I started with an analysis of the macro-causes of death, followed by a chart showing the top causes broken down in more detail.
With malignant tumors being among the most common causes of death, I thought it appropriate to analyze them separately, plotting a chart of the incidence by type and sex.
I also made some thematic maps showing, for different diseases, which provinces are most affected; for this visualization I obviously needed to merge the information about each province’s population from a different dataset.

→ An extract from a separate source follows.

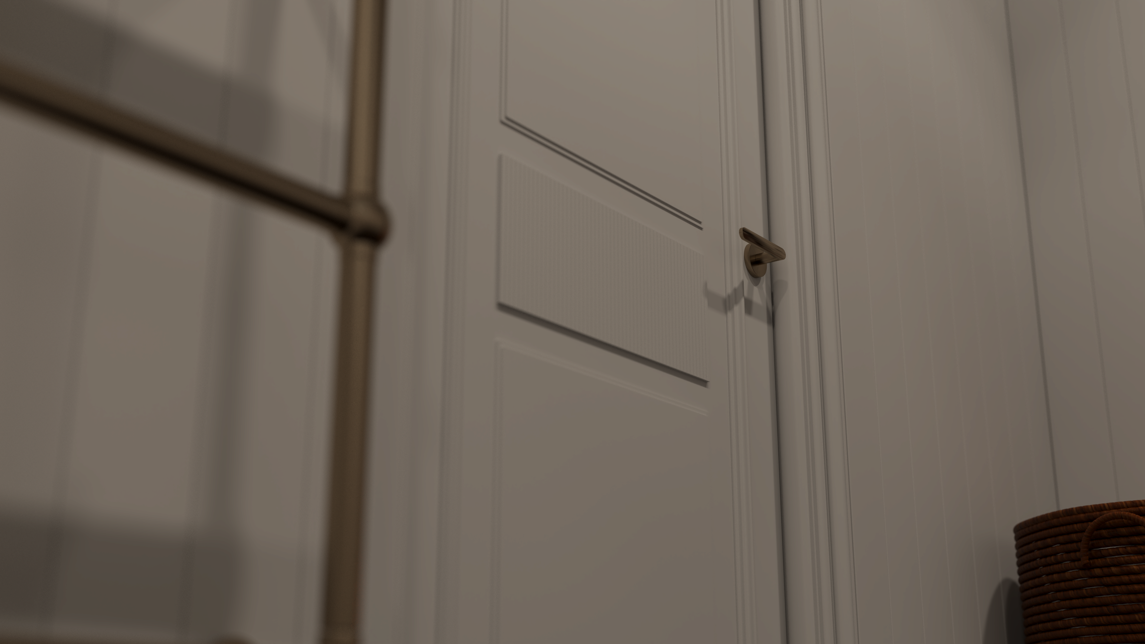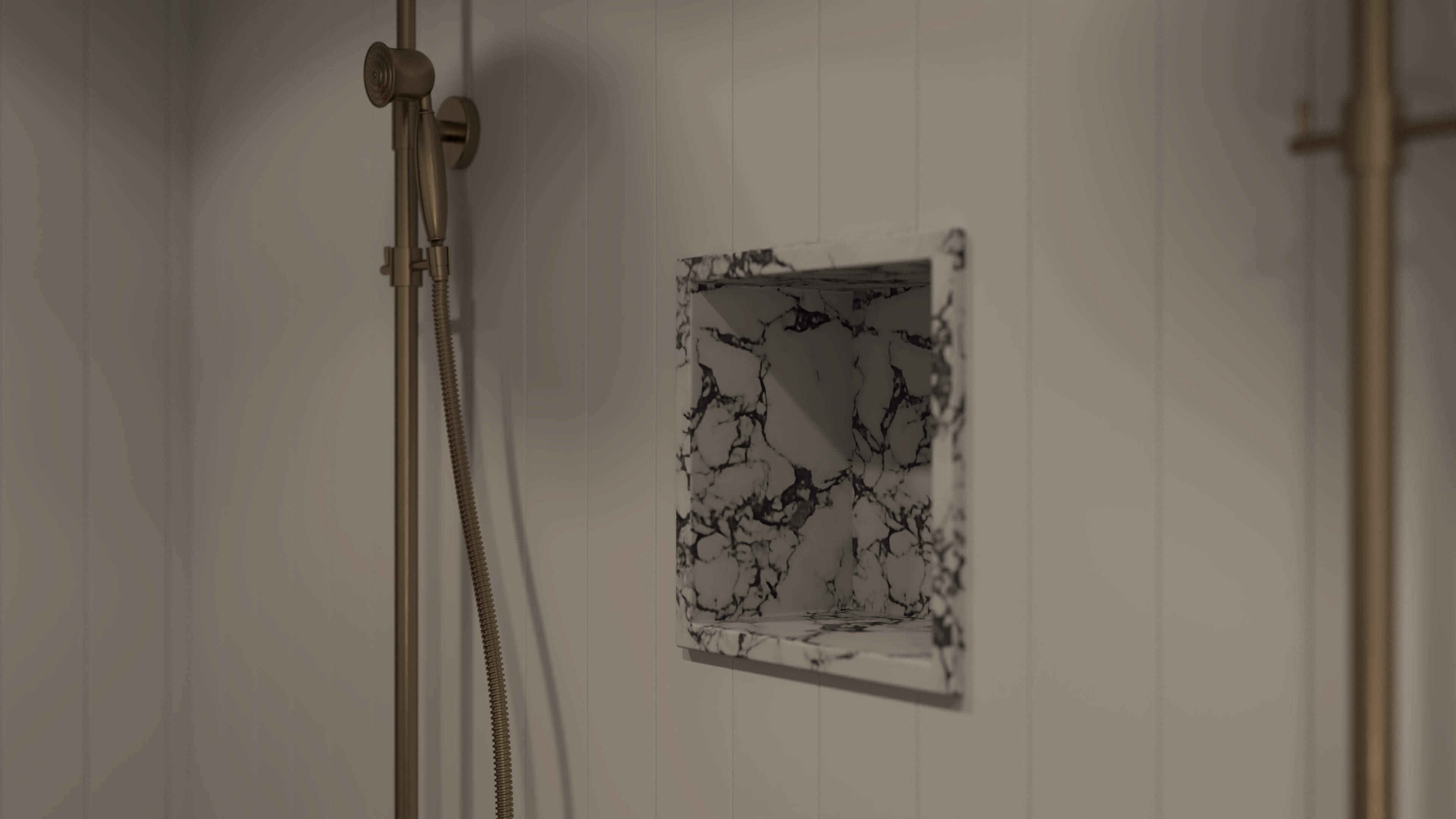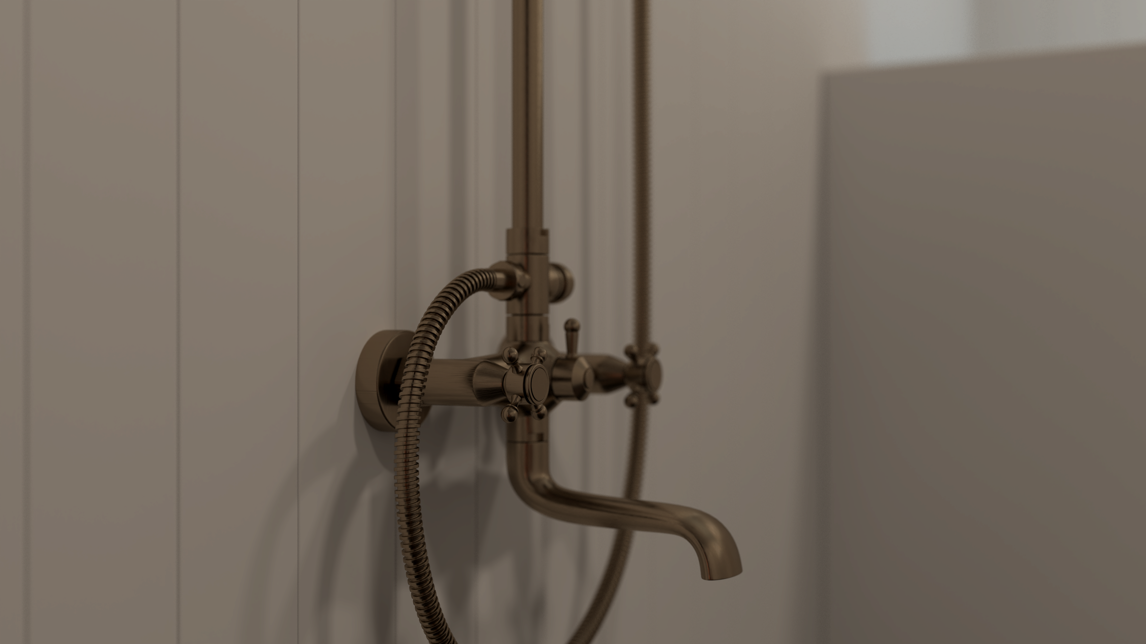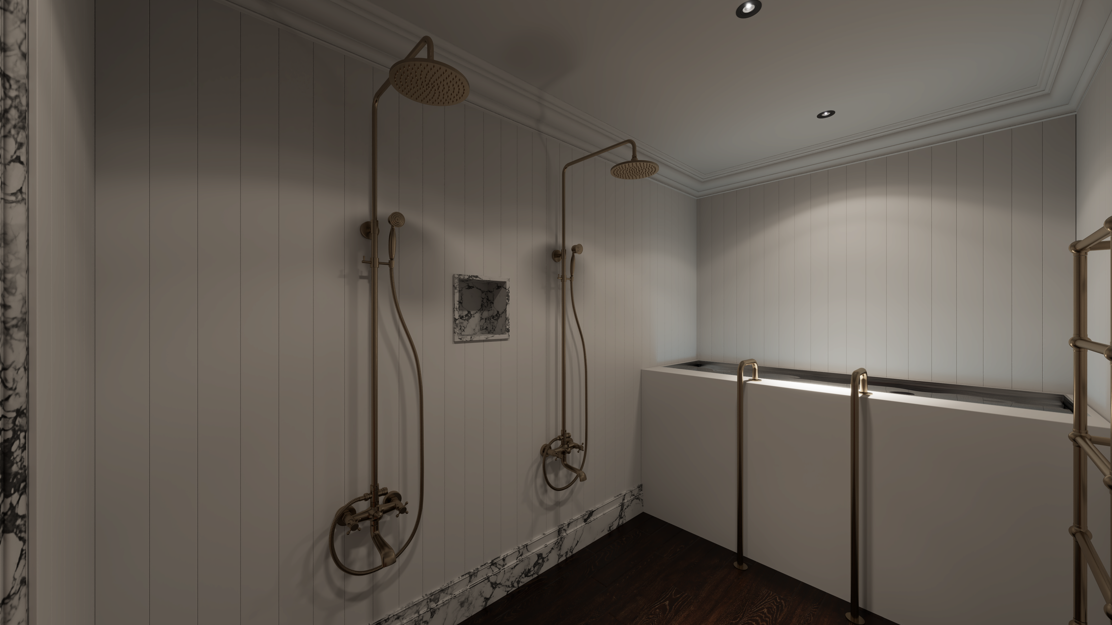 The adjoining bathroom follows a traditional English design language. Wood-effect porcelain tiles bring warmth and durability, paired with solid brass shower fittings and hardware from Drummonds Bathrooms. Marble skirtings and architraves complete the detailing.

The second part of the notebook focuses on the trend for the period 2003–2016: I started with some line charts regarding AIDS, lung tumors and heart attacks. This is followed by a more detailed break down of the trend in the incidence of tumors in Italy’s provinces, represented through line charts and a thematic map.
The list of my contributions on the aforementioned data analyses can be found in the pdnd-open-notebooks repository on Github, complete with the instructions to set up the environment and explore the notebooks. The readme of the repository details the steps that a new user should follow to create their data analysis and contribute to the community.
Towards the end of the coding period I also made a contribution to the pdnd-openapi-server repository: even though it was a small addition, it required some thorough research that allowed me to come in contact with the OpenAPI 3.0 specification and offered an interesting insight on the APIs that enable PDND-nteract to fetch datasets.
My GSoC adventure may be ending, but my participation in the open source software space sure doesn’t! This experience pushed me to learn many new things and to take better advantage of my tools; it taught me to better organize my priorities around deadlines, and to communicate with people in charge. It sure was challenging at times, but I always found the stimulating and fun side of it to prevail. I am very grateful for this rewarding experience and I thank Developers Italia and my mentors for making that possible.